Attractions
Luxembourg City
Perched high on a promontory overlooking the Pétrusse and Alzette Valleys, the Grand Duchy’s capital solemnly sits like a thousand-year-old gargoyle. In 963 AD, on a rocky outcrop known as the Bock, Sigefroid, Count of Ardennes, laid the cornerstone of a fortress that would become Luxembourg City.
Although Sigefroid’s fortress no longer exists - after nine centuries of attacks and occupations, his castle and most of its fortifications were blown up by the townsfolk in the latter half of the 19th century - the views and what little remains of the original structure continue to inspire.
Ardennes
Known as the Eisléck or Oesling, the Luxembourg Ardennes are the Grand Duchy’s northernmost - and most spectacular - region. Winding valleys, fast-flowing rivers, verdant plateaus and towering castles combine to make the region hugely popular among visitors and residents alike.
Of the three main towns, Clervaux is the most accessible, Vianden is the most touristic, and Wiltz … well, that has the bonus of being very nearby to the hamlet of Esch-sur-Sûre, which attracts a staggering number of visitors solely because of its location.
Moselle Valley
Wine tasting, especially sweet, fruity whites, is the obvious attraction of the Moselle Valley. The valley’s Route du Vin begins at Waserbillig and follows the Moselle River south through the wine region’s capital at Grevenmacher and beyond to some picturesque villages.

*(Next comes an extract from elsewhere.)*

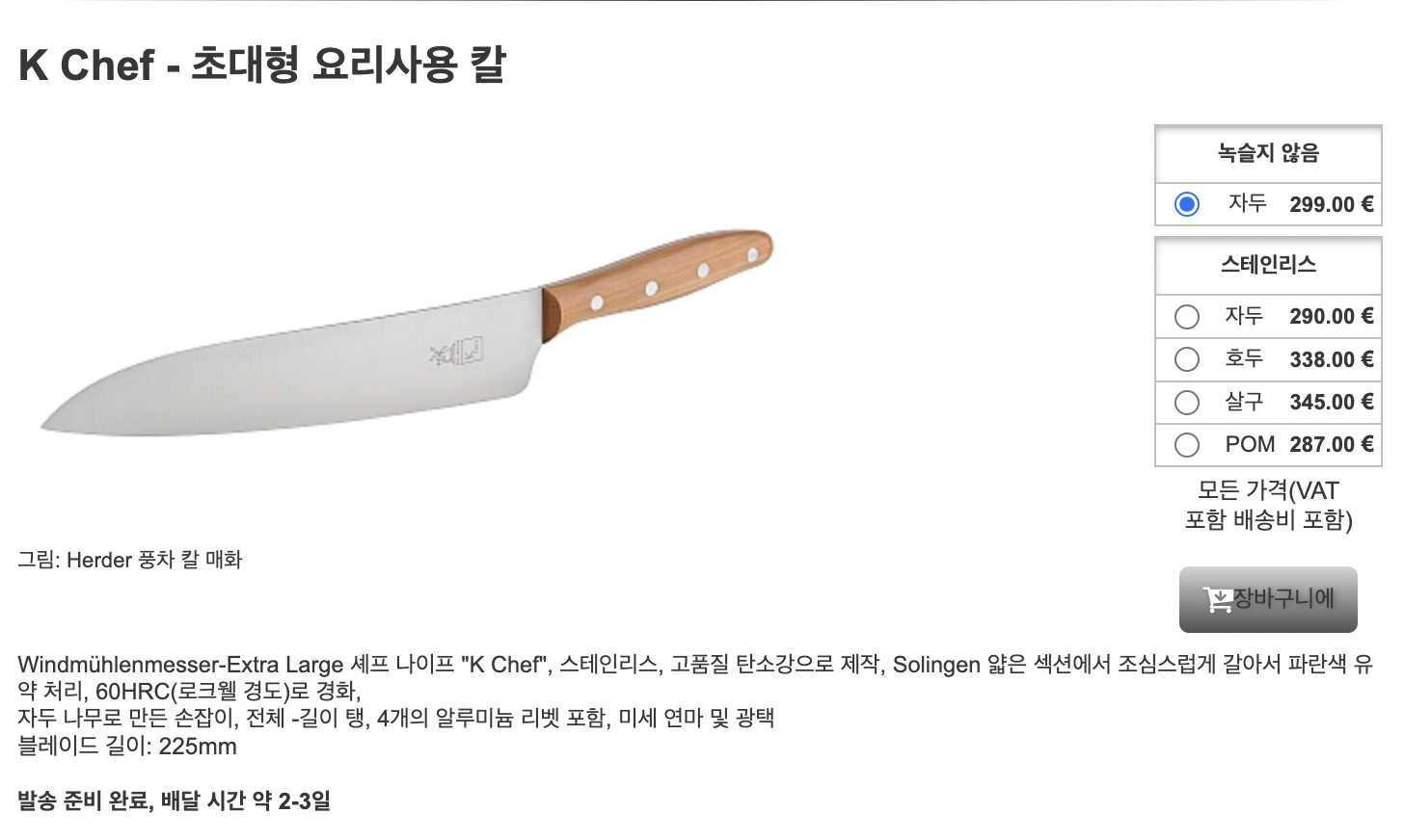 우연히 독일의 다른 사이트들을 보다가 칼을 판매를 전문으로 하는 사이트를 확인 했다.

The Cellars of Poll-Fabaire in the hillside village of Wormeldange are worth a visit, as are the larger Caves Bernard-Massard in Grevenmacher and St Martin in Remich. All three are open for tours and tippling from late spring to early autumn.

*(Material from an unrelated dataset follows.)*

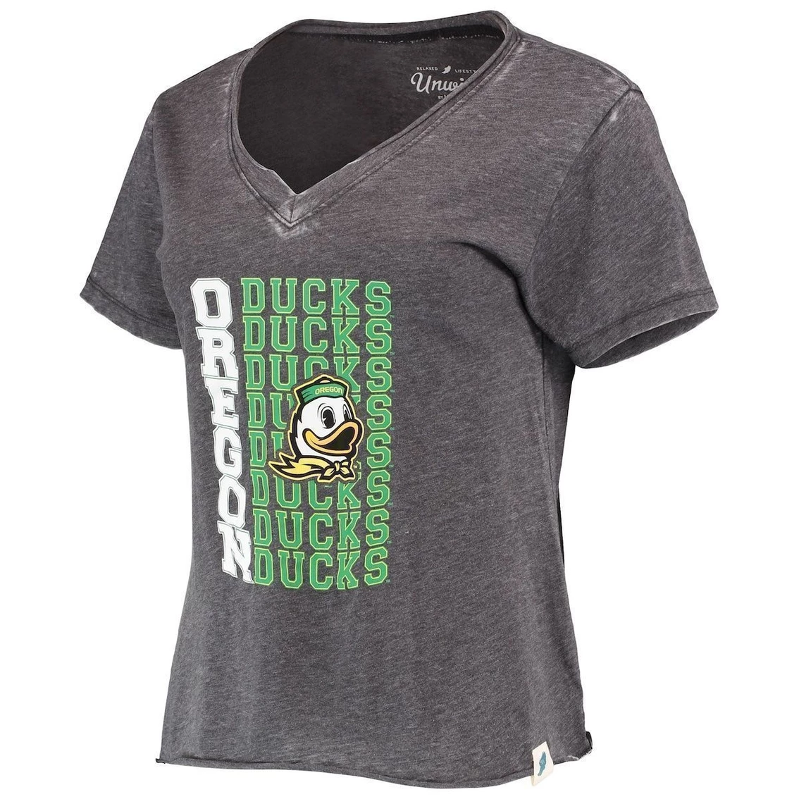 - Put a fun twist on laid-back style with this Oregon Ducks V-neck T-shirt from League Collegiate Wear. Its burnout fabric is specially dyed and treated to create a worn-in look and feel. A loose-fit body provides extra comfort, and raw edges add the finishing touch to the vintage design of this Oregon Ducks tee.

Müllerthal (Little Switzerland)
This region is where Luxembourgers come to play. Centered around the old Christian town of Echternach, in a pocket of woodland northeast of the capital, the area’s hiking, cycling and rock climbing also make it one of the most touristed areas in the country.

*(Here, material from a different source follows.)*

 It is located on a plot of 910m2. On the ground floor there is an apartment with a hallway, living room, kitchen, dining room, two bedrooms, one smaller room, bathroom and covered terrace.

If you head west of town, you’ll come to the walking paths, which wind through rocky chasms and waterfalls to Berdorf, 6km (4mi) away, and on to the crumbling remains of Beaufort castle.
If you’re in Echternach on Whitsunday (the 7th Sunday after Easter), wave your hankies with the locals celebrating the pageant of St Willibrord, Luxembourg’s only saint, who lived in town in the 8th century. His mortal remains now lie in a white marble sarcophagus in the town’s basilica. Behind the basilica, there’s also an interesting Benedictine abbey.